CPU vs GPU, Why Do They Scale Performance Differently?

Many criticisms have been and surely there will be with the increase in performance in the processors with each generational change. With Intel at the helm we have seen how the performance differences have been minimal for many years, until now. Meanwhile, the GPUs have multiplied their performance several times, how is it possible that this happens when for example in the case of AMD they have used the same lithographic process for processors and graphics cards? What are the reasons?

There are many explanations for this curious disparity, but the main one and the basis of everything is precisely the fate of each type of hardware and how the software approaches it. With this in mind, the range of explanations opens and requires a more thorough study, since we go from the lithographic process to the software developers …

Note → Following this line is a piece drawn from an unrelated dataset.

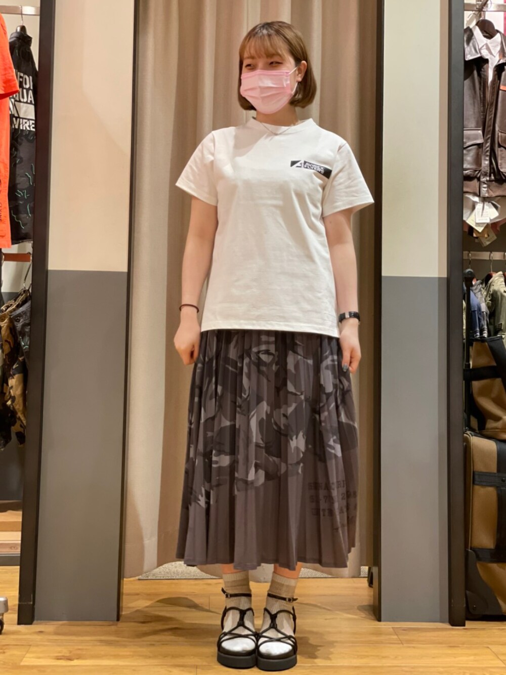 AVIREX横浜ジョイナス店 スタッフ身長:162cm 着用サイズ: トップスF, スカートF, サンダル24.5cm

GPUs are always far ahead of CPUs – here’s why

The first reason is logically what processors and graphics cards are made for. As we well know, a CPU is an extremely complex component, the heart of the system, but when we talk about workloads to have a performance gain in a thread and therefore in IPC we have to take into account that a limiting factor is precisely the frequency .

And with it comes the limitation of the node on duty. The improvements of an architecture enhance a much more optimized Front-End and Back-End , together with access to caches and registers usually increase performance, but we cannot forget the parallelism that these modern CPUs require.

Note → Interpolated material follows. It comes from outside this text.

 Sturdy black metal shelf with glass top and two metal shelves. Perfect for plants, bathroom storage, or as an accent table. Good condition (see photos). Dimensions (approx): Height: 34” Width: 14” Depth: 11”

If we add all of the above, we have a bottleneck that is always given in the first place by the lithographic process. Including more transistors per mm2 is the most optimal if you want to include more cores and thus increase the overall performance, but at the thread level we have to push a thread at the highest possible frequency. We are currently at 5 GHz with Intel, so if, having this limitation, we apply Amdahl’s Law (a workload is difficult to accelerate and more complexity becomes more complicated, even if it is parallelized) we have a difficulty that can be exponential in certain chores.

Another point to be discussed is, of course, the executions and instructions that are added to a CPU, where we can optimize and gain performance in a more or less complex way, but they are usually direct improvements in a thread or thread. But of course, a CPU works in parallel with technologies such as speculative or command execution, for example, not to mention the greater number of available cores, caches and access to RAM, or technologies such as HT or SMT.

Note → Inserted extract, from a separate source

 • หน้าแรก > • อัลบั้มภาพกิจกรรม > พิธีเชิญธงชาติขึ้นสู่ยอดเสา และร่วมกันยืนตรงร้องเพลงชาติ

In the end, all these technologies are trying to do a very simple thing: keep each CPU and thread busy as long as possible and with the most perfect order available for each task, so that there is no delay between data. Why is this the case and how is it different from GPUs?

Super scalarity and parallelization, key in the differences between CPU and GPU

The CPU needs to carry out a large number of different, simple and complex jobs, but it also has to interconnect with any component of the PC, which implies receiving information and transmitting it through different buses and at the highest possible speed. A GPU on the other hand has a different way of working, quite simpler really.

The change of information, in the way of working, is called context change and here the GPU has a lot of gains, since by the nature of these the work they have to do requires very few context changes, since it is extremely parallelizable and the loads are usually homogeneous.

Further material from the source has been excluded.